Tally the lines in the records below that contain "significantly" and return only the result.

* Saved data entries
□ □ □

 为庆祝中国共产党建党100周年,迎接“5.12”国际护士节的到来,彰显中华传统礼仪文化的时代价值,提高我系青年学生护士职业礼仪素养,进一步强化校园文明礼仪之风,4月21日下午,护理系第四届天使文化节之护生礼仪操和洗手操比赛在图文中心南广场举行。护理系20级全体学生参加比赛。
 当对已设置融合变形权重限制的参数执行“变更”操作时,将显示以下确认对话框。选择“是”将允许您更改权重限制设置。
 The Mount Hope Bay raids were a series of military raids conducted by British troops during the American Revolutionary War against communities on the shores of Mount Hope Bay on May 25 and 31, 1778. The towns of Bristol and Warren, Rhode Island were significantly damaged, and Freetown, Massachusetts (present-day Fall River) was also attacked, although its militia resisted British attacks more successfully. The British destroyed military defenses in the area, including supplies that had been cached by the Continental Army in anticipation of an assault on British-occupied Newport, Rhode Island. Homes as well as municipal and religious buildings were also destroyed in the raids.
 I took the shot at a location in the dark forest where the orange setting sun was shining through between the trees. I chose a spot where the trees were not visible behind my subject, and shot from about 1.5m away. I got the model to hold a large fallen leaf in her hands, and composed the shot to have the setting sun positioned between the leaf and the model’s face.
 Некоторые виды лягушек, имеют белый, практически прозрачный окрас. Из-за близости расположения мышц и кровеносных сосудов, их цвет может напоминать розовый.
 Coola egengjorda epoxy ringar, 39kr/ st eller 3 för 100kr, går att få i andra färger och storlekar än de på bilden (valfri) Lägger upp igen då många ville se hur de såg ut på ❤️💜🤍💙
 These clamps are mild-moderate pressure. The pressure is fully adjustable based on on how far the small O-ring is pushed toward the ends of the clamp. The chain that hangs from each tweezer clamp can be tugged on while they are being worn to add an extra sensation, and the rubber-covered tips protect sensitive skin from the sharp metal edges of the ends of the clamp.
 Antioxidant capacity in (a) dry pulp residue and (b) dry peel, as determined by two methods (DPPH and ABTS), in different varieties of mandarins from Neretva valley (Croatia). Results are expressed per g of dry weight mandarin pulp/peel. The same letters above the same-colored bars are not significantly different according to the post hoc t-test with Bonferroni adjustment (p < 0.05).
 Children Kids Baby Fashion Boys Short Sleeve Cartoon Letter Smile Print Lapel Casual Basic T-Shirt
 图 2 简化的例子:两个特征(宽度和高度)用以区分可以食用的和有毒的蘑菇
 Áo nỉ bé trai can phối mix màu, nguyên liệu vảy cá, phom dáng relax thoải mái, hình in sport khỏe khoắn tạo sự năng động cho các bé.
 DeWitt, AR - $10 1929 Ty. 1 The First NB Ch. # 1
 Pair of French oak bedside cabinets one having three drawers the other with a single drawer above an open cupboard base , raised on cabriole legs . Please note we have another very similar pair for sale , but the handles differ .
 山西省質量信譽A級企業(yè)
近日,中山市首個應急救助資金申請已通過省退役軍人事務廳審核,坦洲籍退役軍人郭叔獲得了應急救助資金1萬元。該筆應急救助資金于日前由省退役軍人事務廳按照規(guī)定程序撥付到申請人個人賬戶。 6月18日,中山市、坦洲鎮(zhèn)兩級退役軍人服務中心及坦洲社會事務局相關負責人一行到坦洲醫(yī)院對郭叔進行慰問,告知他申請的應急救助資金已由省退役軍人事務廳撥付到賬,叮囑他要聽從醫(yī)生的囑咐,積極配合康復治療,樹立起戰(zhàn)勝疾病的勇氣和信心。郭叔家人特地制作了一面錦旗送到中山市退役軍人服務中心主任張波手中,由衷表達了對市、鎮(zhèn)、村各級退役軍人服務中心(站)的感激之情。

□ □ □

* Task output
2